____ Recorded data

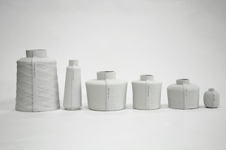 The series, 'Spool' vases arose from my interest and love for textiles. The design was inspired by the forms and structures of industrial yarn bobbins used in the weaving or knitting of fabrics. Varying in size, texture and structure, the family of vases is made of white porcelain. There are currently seven different models available.
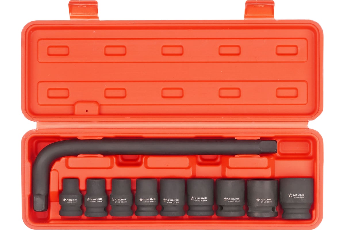 Набор ударных головок применяется для монтажа/демонтажа крепежных элементов с помощью пневматического гайковерта. Предназначен для профессионального использования на СТО. Головки выполнены из специальной хром-молибденовой стали, что придает им высокую прочность и устойчивость к ударным нагрузкам. Комплект поставляется в пластиковом кейсе.
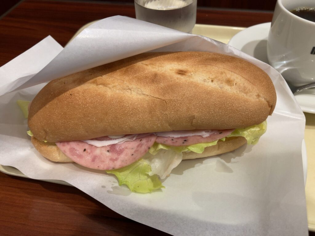 美味い。ハムとソーセージの塩気とレタスのシャキシャキ感とパン生地のバランスが絶妙。以前にチーズ in ミラノサンドA 生ハム・ボンレスハム・ボローニャソーセージ¥550 を食べた時に美味くて大満足だった。それより60円安くてチーズが入っていないので少し物足りないのかなと思って食べてみたらこっちも美味くて満足でした。アメリカンコーヒーとの相性も良し。
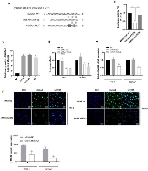 Since the majority of PTC are driven by oncoproteins that activate the MAPK signalling pathway, we hypothesized that miR-204-5p could inhibit invasion of thyroid cancer cells by targeting effectors of this pathway and, more specifically, by targeting directly HMGA2, a critical regulator in cancer development that plays a pivotal role in EMT. To confirm that HMGA2 is a direct target of miR-204-5p, a luciferase reporter assay was performed: the 3′UTR of HMGA2 containing the putative miR-204-5p binding region fused to a constitutively expressed luciferase reporter was transfected into TPC1 cells. The sequence of the predicted binding site of miR-204-5p on the 3′UTR HMGA2 sequence and the corresponding mutated sequence is shown in Figure 6a. Results indicated that the luciferase activity of TPC-1 cells containing the wild type 3′UTR of HMGA2 co-transfected with mimic miR-204-5p (HMGA2-WT-204) was dramatically decreased compared to the cells transfected with a negative control mimic (HMGA2-WT-NC) (Figure 6b). No significant effect on the luciferase activity of TPC-1 cells containing the corresponding mutated sequence (HMGA2-MUT-204) following co-transfection with mimic-204-5p was detected, demonstrating that miR-204-5p can specifically directly bind to the 3′UTR of HMGA2.
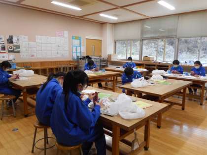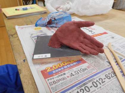 本日の学習課題は、「部分と部分、部分と全体とのつながりに気を付けて表現しよう」です。針金で造った心棒に何度も粘土を重ね、肉付けしていきます。どの生徒も自分の作品に自信をもって制作していました。
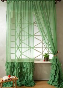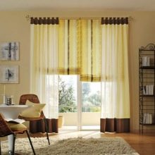 - Rural curtains suitable for bringing home comfort even in city apartments. Such curtains have a simple design, straight cut. Usually their length is small, sometimes the structures are mounted on a special cord, stretched in the middle of the window. This option gives the room a special charm.
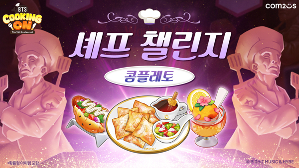 (서울=NSP통신) 이복현 기자 = 컴투스(대표 남재관)가 신작 요리 시뮬레이션 게임 BTS 쿠킹온: 타이니탄 레스토랑(이하 BTS 쿠킹온)에 셰프 챌린지 콘텐츠 신규 테마 ‘콤플레토’를 추가했다.
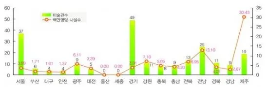 경기도, 서울, 제주도에 가장 많은 미술관이 있다. 그러나 미술관의 증가가 인구수 대비 증가한 것은 아니다. 인구 백만 명당 시설은 지방이 수도권보다 많았다.
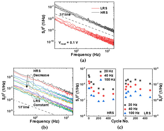 (a) The Si/I2 for several devices in both the HRS and LRS at 0.1 V. (b) The Si/I2 in both the HRS and LRS according to the RS cycle at the same read bias. (c) The change in the Si/I2 according to the RS cycle in both the HRS (left) and LRS (right) at the frequencies 20, 40, and 100 Hz.
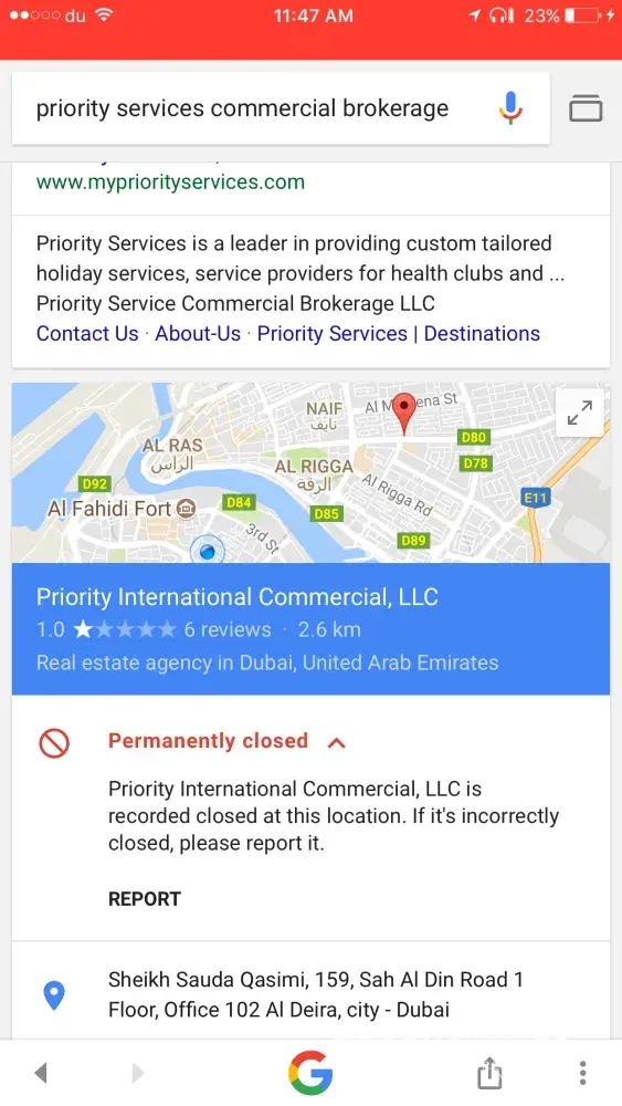 Click up if you have successfully reached Priority Service Commercial Brokerage by calling +971 04 273 7353 phone number 98 98 users reported that they have successfully reached Priority Service Commercial Brokerage by calling +971 04 273 7353 phone number Click down if you have unsuccessfully reached Priority Service Commercial Brokerage by calling +971 04 273 7353 phone number 163 163 users reported that they have UNsuccessfully reached Priority Service Commercial Brokerage by calling +971 04 273 7353 phone number
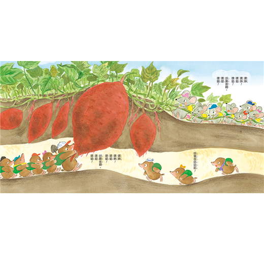 畫面中充滿了很多好玩的事, 看老鼠踩著樹的鬍鬚玩盪鞦韆,鼴鼠避開蜘蛛結網的通道,以及大家找到大番薯時開心的模樣。
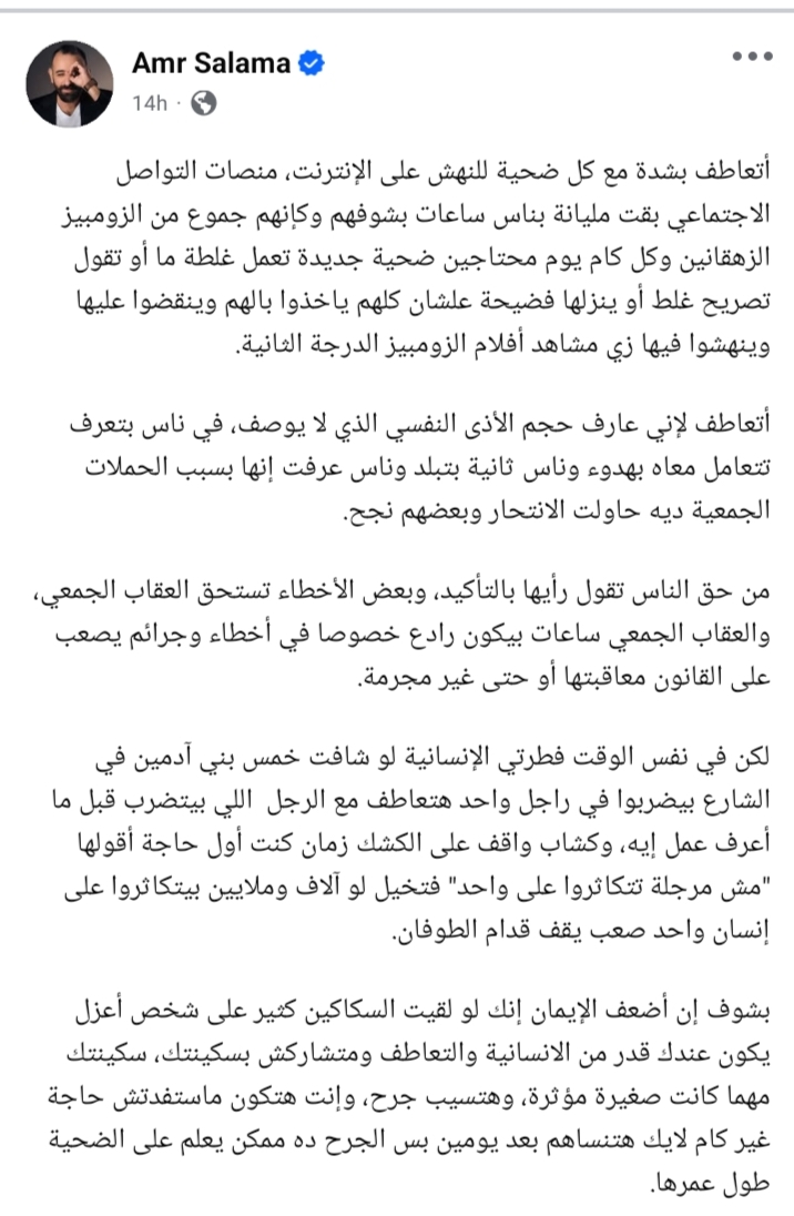 وكتب عمرو سلامة من خلال منشور، عبر موقع التواصل الاجتماعي فيسبوك، قال: "أتعاطف بشدة مع كل ضحية للنهش على الإنترنت، منصات التواصل الاجتماعي بقت مليانة بناس ساعات بشوفهم وكإنهم جموع من الزومبيز الزهقانين وكل كام يوم محتاجين ضحية جديدة تعمل غلطة ما أو تقول تصريح غلط أو ينزلها فضيحة علشان كلهم ياخذوا بالهم وينقضوا عليها وينهشوا فيها زي مشاهد أفلام الزومبيز الدرجة الثانية".
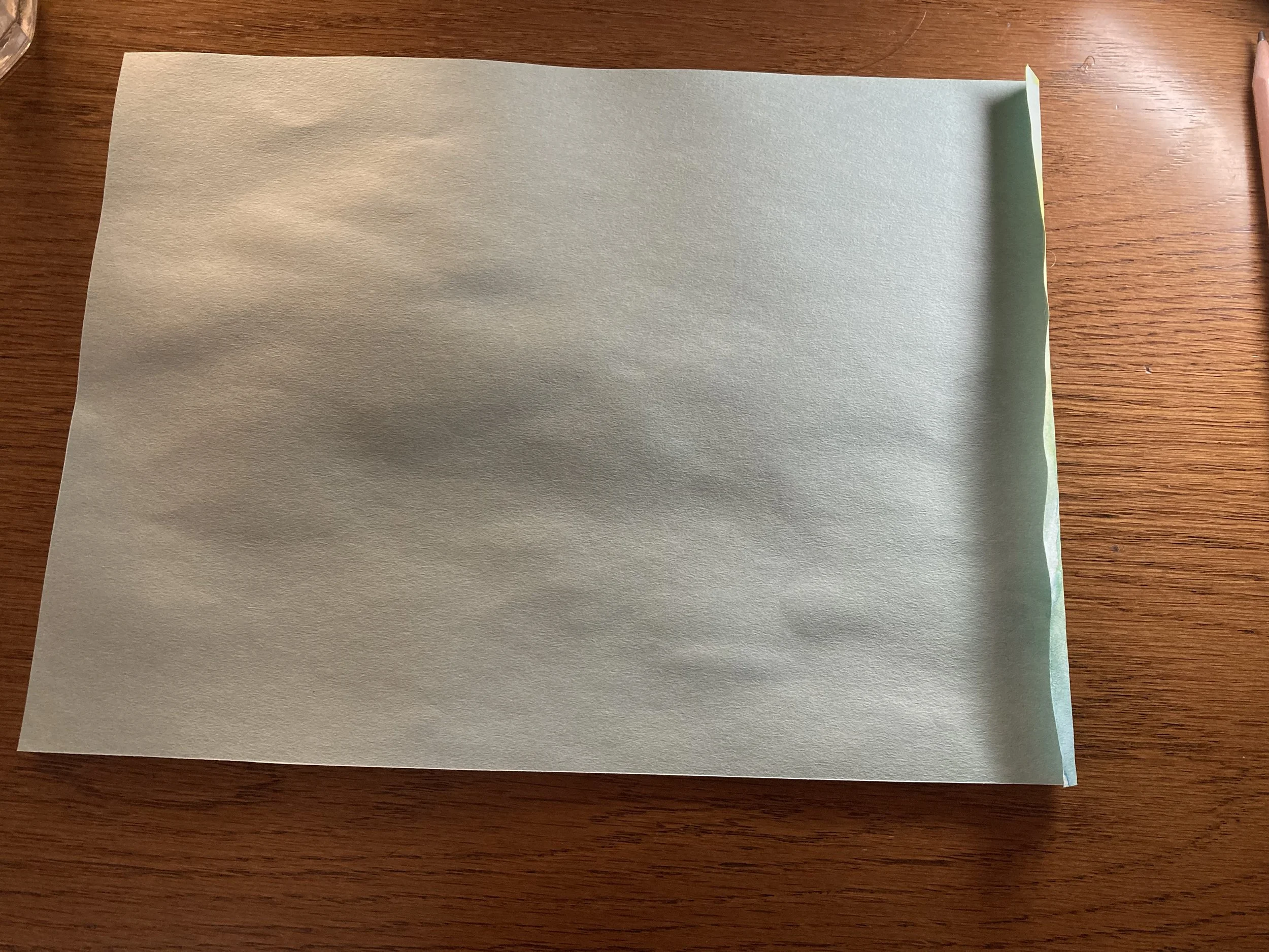色のつけ終わったペーパーを横長において、一方の横を7mmから1センチほどおります。ここが筒状にした時にノリで貼り付ける場所になります。

________

## Assignment
The answer must be the lines above from the one containing "美味い。ハムとソーセージの塩気とレタスのシャキシャキ感とパン生地のバランスが絶妙。以前にチーズ in ミラノサンドA" through the one containing "경기도, 서울, 제주도에", reproduced exactly, with no pictures and nothing else.

## Exercise result
 美味い。ハムとソーセージの塩気とレタスのシャキシャキ感とパン生地のバランスが絶妙。以前にチーズ in ミラノサンドA 生ハム・ボンレスハム・ボローニャソーセージ¥550 を食べた時に美味くて大満足だった。それより60円安くてチーズが入っていないので少し物足りないのかなと思って食べてみたらこっちも美味くて満足でした。アメリカンコーヒーとの相性も良し。
 Since the majority of PTC are driven by oncoproteins that activate the MAPK signalling pathway, we hypothesized that miR-204-5p could inhibit invasion of thyroid cancer cells by targeting effectors of this pathway and, more specifically, by targeting directly HMGA2, a critical regulator in cancer development that plays a pivotal role in EMT. To confirm that HMGA2 is a direct target of miR-204-5p, a luciferase reporter assay was performed: the 3′UTR of HMGA2 containing the putative miR-204-5p binding region fused to a constitutively expressed luciferase reporter was transfected into TPC1 cells. The sequence of the predicted binding site of miR-204-5p on the 3′UTR HMGA2 sequence and the corresponding mutated sequence is shown in Figure 6a. Results indicated that the luciferase activity of TPC-1 cells containing the wild type 3′UTR of HMGA2 co-transfected with mimic miR-204-5p (HMGA2-WT-204) was dramatically decreased compared to the cells transfected with a negative control mimic (HMGA2-WT-NC) (Figure 6b). No significant effect on the luciferase activity of TPC-1 cells containing the corresponding mutated sequence (HMGA2-MUT-204) following co-transfection with mimic-204-5p was detected, demonstrating that miR-204-5p can specifically directly bind to the 3′UTR of HMGA2.
 本日の学習課題は、「部分と部分、部分と全体とのつながりに気を付けて表現しよう」です。針金で造った心棒に何度も粘土を重ね、肉付けしていきます。どの生徒も自分の作品に自信をもって制作していました。
 - Rural curtains suitable for bringing home comfort even in city apartments. Such curtains have a simple design, straight cut. Usually their length is small, sometimes the structures are mounted on a special cord, stretched in the middle of the window. This option gives the room a special charm.
 (서울=NSP통신) 이복현 기자 = 컴투스(대표 남재관)가 신작 요리 시뮬레이션 게임 BTS 쿠킹온: 타이니탄 레스토랑(이하 BTS 쿠킹온)에 셰프 챌린지 콘텐츠 신규 테마 ‘콤플레토’를 추가했다.
 경기도, 서울, 제주도에 가장 많은 미술관이 있다. 그러나 미술관의 증가가 인구수 대비 증가한 것은 아니다. 인구 백만 명당 시설은 지방이 수도권보다 많았다.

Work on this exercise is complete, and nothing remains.